I'll look at this as soon as I find some time.

Notes to self:

dydx does not appear to be flipped to dydxavgwts when wts is given.
As a result, the slope estimates are only averaged at the very end here: https://github.com/vincentarelbundock/marginaleffects/blob/main/R/get_contrasts.R#L418

vincentarelbundock commented 1 year ago

OK, I don't think this is a marginaleffects problem after all. I'm not super familiar with brms, but it looks like the brms::posterior_epred() function we use to make predictions returns different results depending on the model object and newdata structure.

Below, I illustrate this with simple predictions.
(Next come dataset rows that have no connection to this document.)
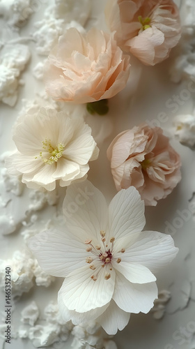 © indah, Fototapeta premium Delicate pastel flowers adorn a textured cake
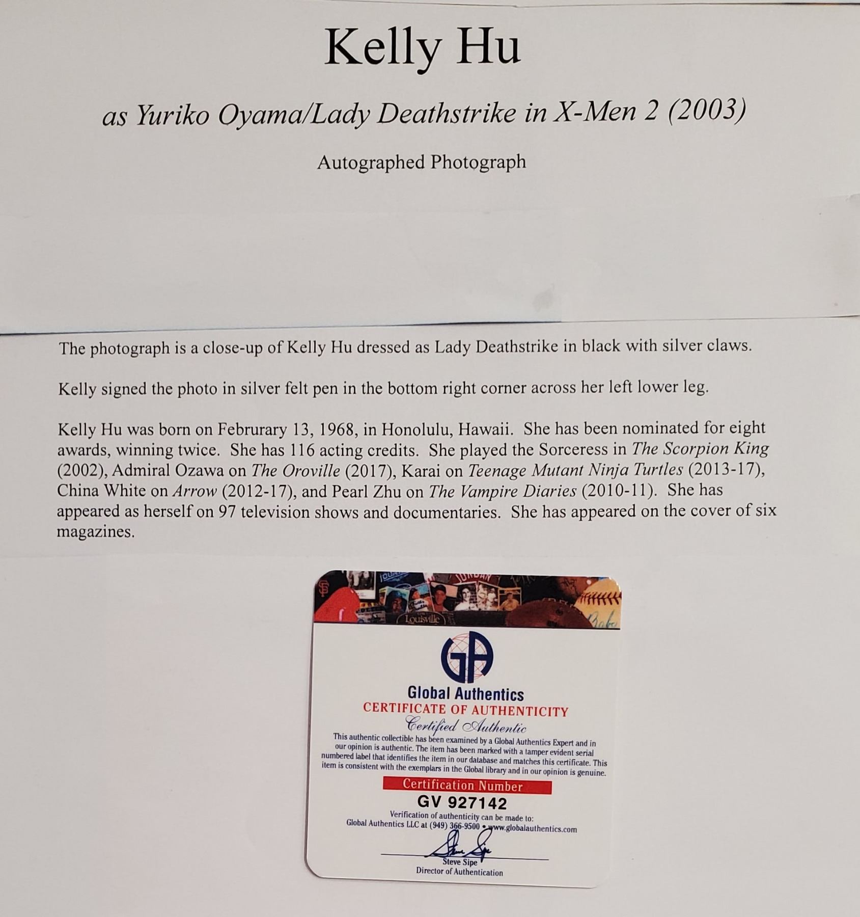 Kelly Hu. Signed 8” x 10” Photo. Lady Deathstrike. Global Authentics COA No. GV 927142
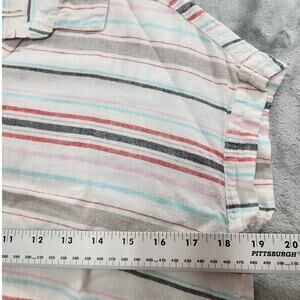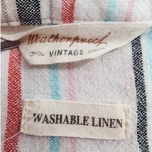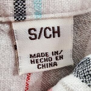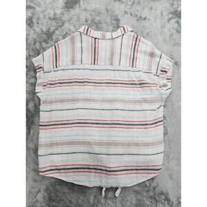 Weatherproof Vintage Top Womens S Striped Washable Linen Tie Front Button Front

I show how to get results using raw brms commands and also with avg_predictions(). As you will see, the results with the binomial or standard formulations are not equivalent, but the marginaleffects() functions produce OK results. After those examples, I show you three equivalences with slopes.

I also close this issue because I am not convinced that this is a bug; it has to do with brms. But feel free to keep the discussion going if you have more insights to bring to bear on the matter.
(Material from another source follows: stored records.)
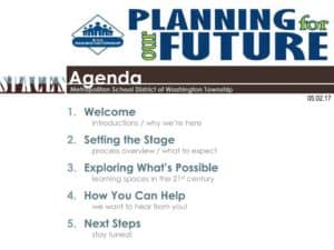 If you were not able to attend one of the design focus groups that the district hosted, we encourage you to take the survey so your voice can be heard regarding school design. We are eager to get feedback from as many constituents as possible. Please review the materials below from the focus groups, give input at the survey link (which will be open through May 30, 2017), and share the link with neighbors, Washington Township community members, and friends. The potential for 21st century learning spaces in Washington Township is exciting. Thank you for your participation in helping to shape the future of Washington Township Schools.
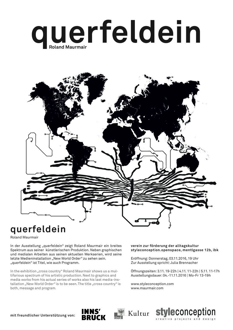 In der Ausstellung „Querfeldein“ zeigt Roland Maurmair ein breites Spektrum aus seiner künstlerischen Produktion. Neben graphischen und medialen Arbeiten aus seinen aktuellen Werkserien, wird seine letzte Medieninstallation „New World Order“ zu sehen sein. „Querfeldein“ ist Titel, wie auch Programm.
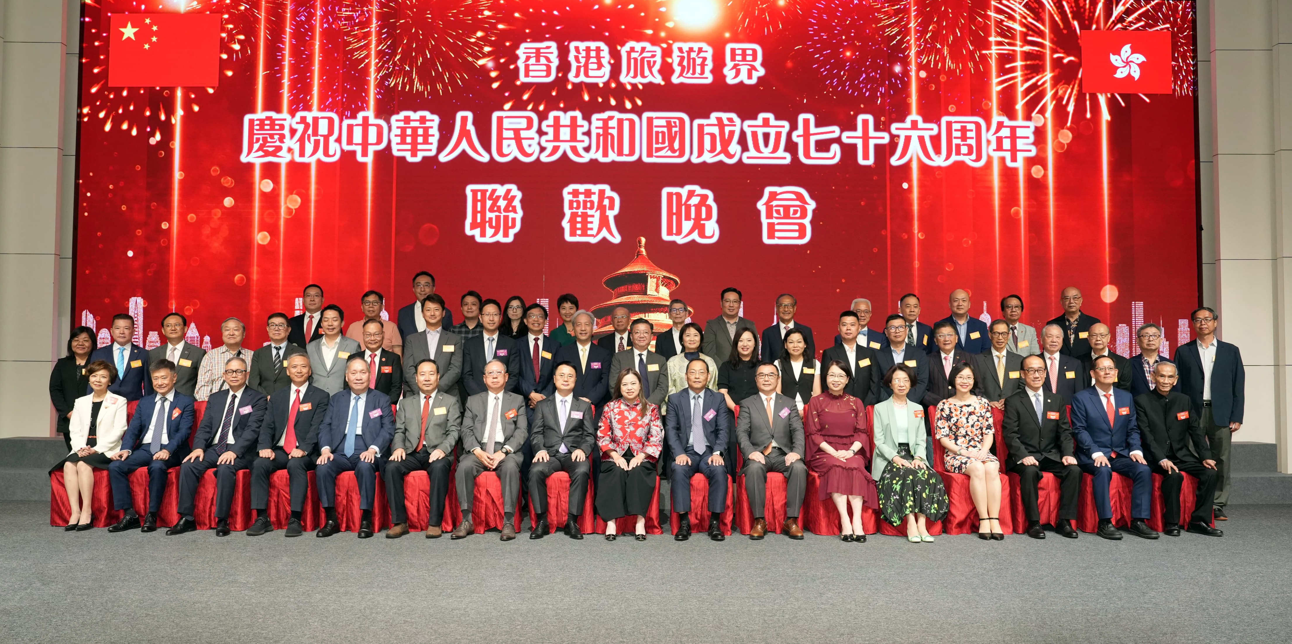 9月17日,香港旅游界舉辦慶祝中華人民共和國成立七十六周年聯(lián)歡晚會(huì)。集團(tuán)副總經(jīng)理簡易出席并主持祝酒儀式,中聯(lián)辦經(jīng)濟(jì)部副部長郭韶偉、外交部駐港公署辦公室主任劉孝明、香港文體旅局局長羅淑佩、香港旅發(fā)局主席林建岳、旅游界立法會(huì)議員姚柏良等嘉賓共同主禮。

w <- data_agg$n / sum(data_agg$n)

# correct
avg_predictions(m_01s)

> Estimate 2.5 % 97.5 %
>    0.505 0.454  0.555
> 
> Columns: estimate, conf.low, conf.high 
> Type:  response 

posterior_epred(m_01s, newdata = data_01s) |>
  apply(1, mean) |>
  median()
> [1] 0.50465

# also correct, but the `brms` models do something different under the hood
avg_predictions(m_agg, newdata = data_agg, wts = w)
>  Estimate 2.5 % 97.5 %
>      2.53  2.26    2.8
> Columns: estimate, conf.low, conf.high 
> Type:  response 

posterior_epred(m_agg, newdata = data_agg) |>
  apply(1, weighted.mean, w = w) |>
  median()
> [1] 2.5333

# correct (no weights)
avg_predictions(m_agg, newdata = data_agg)
>  Estimate 2.5 % 97.5 %
>      1.81  1.64   1.98
> 
> Columns: estimate, conf.low, conf.high 
> Type:  response 

posterior_epred(m_agg, newdata = data_agg) |>
  apply(1, mean) |>
  median()
> [1] 1.8121

Now three examples of different syntaxes that produce the same results with avg_comparisons():

avg_slopes(m_01s)

avg_slopes(m_agg, newdata = data_01s)

avg_slopes(m_01s, newdata = data_agg, wts = w)
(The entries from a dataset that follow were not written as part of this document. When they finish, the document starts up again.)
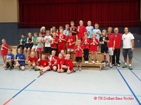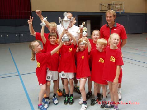 Die jeweiligen drei Ersten wurden mit Pokalen ausgezeichnet und entsprechend geehrt. Das Tennis nicht ein Einzelsport sondern ein Mannschaftssport ist, dass konnten die Kinder spätestens bei der Siegerehrung der Schule feststellen. Denn jedes Kind spielte auch Punkte für die Schule ein. Die meisten Punkte, wenn auch nur ganz knapp, konnten die Schüler / innen der Grundschule Lohne gewinnen. Sie freuten sich mit ihrem Sportlehrer Rainer Voigt über den Gewinn eines großen, tollen Wanderpokals für die Schule. Die Tennisregion stiftete den Pokal, damit dieser Wettbewerb auch in den nächsten Jahren fortgeführt werden kann.
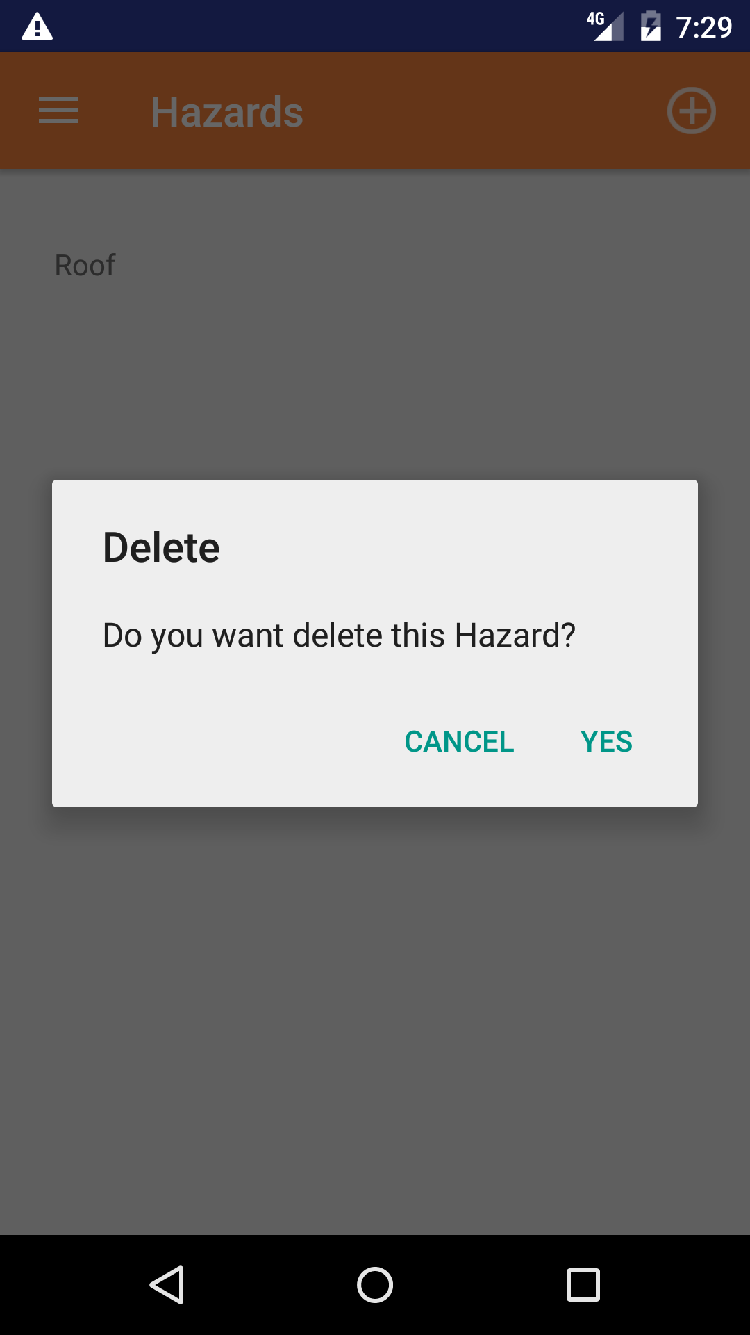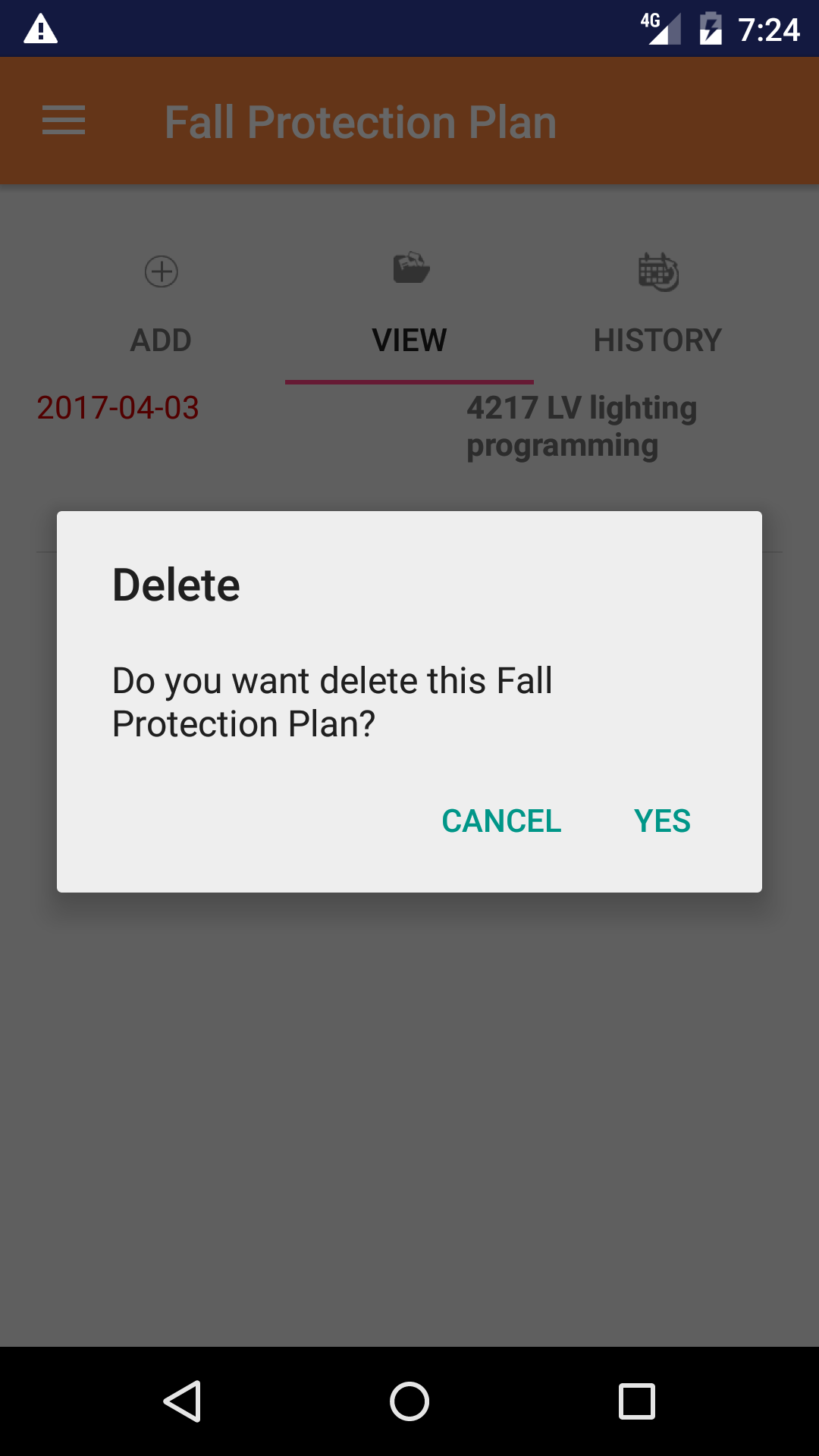 - Tap the Delete button. The hazard, method of restraints and hazard sketch will be deleted from the fall protection plan.
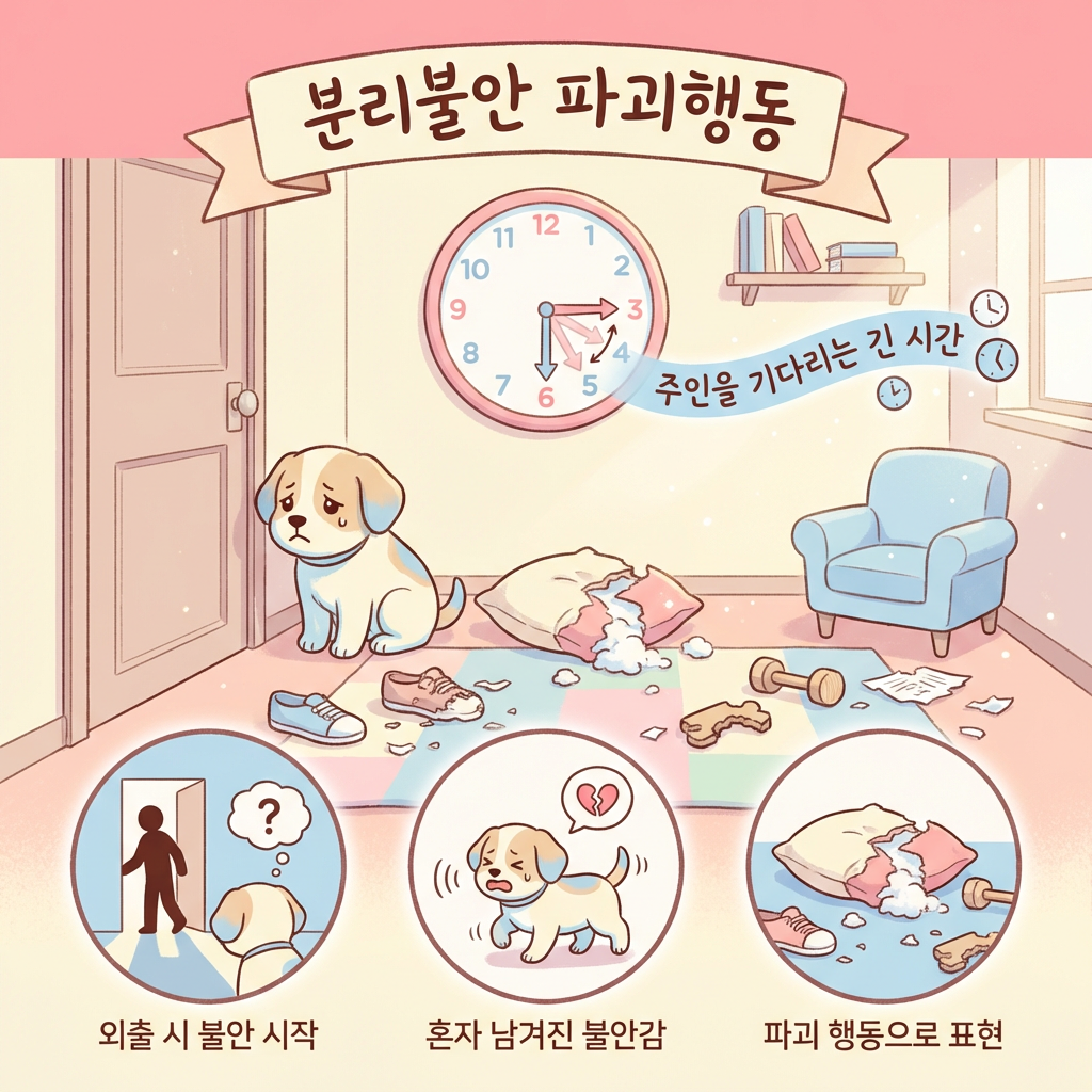 분리불안형 파괴 행동의 특징은 보호자가 외출한 직후 20~30분 이내에 집중 발생하고, 보호자의 냄새가 강하게 남은 물건(슬리퍼, 양말, 옷 등)을 우선적으로 선택한다는 점이에요. 이는 강아지가 보호자의 냄새를 통해 안정감을 얻으려는 심리 때문이에요. 짖음, 하울링, 배변 실수, 과도한 침 흘림이 파괴 행동과 함께 나타난다면 분리불안을 강하게 의심해야 해요.

dipetkov commented 1 year ago

I'm not re-opening this issue as there is no error in either brms or marginaleffects; just providing an explanation about what I think is going on.

With posterior_epred(m_agg), the posterior sample is a vector $[n_i\tilde{p}_i]$ where $n_i$ is the sample size and $\tilde{p}_i$ is the posterior probability. So the sample sizes are weights that have already been applied.

Here is how to reproduce the avg_prediction with the aggregate data.

n <- data_agg$n

avg_predictions(m_agg, newdata = data_01s)
#>  Estimate 2.5 % 97.5 %
#>     0.504 0.459  0.549
posterior_epred(m_agg, newdata = data_agg) |>
  # The weights {n_i} have already been applied, so we only need to normalize by sum(n_i).
  apply(1, \(x) sum(x) / sum(n)) |>
  median()
#> [1] 0.5035349

I think this also means that there are no weights w such that avg_slopes(m_agg, wts = w) reproduce the marginal effect correctly. Instead, when we are working with the aggregate model, we can use one of these two methods:

# Model `m_agg` uses weights. In the original, un-collapsed dataset
# each observation is a subset of sample size of 1.
avg_slopes(m_agg, newdata = data_01s %>% mutate(n = 1))
#>  Term Estimate    2.5 %   97.5 %
#>     x 0.000255 0.000204 0.000297

# The sample sizes `n` get in the way of the `posterior_epred` calculation.
# So "turn those off" by setting `n = 1` and use the weights argument instead.
avg_slopes(m_agg, newdata = data_agg %>% mutate(n = 1), wts = data_agg$n)
#>  Term Estimate    2.5 %   97.5 %
#>     x 0.000255 0.000204 0.000297

Sorry about the false bug report & thank you for helping me to figure this out.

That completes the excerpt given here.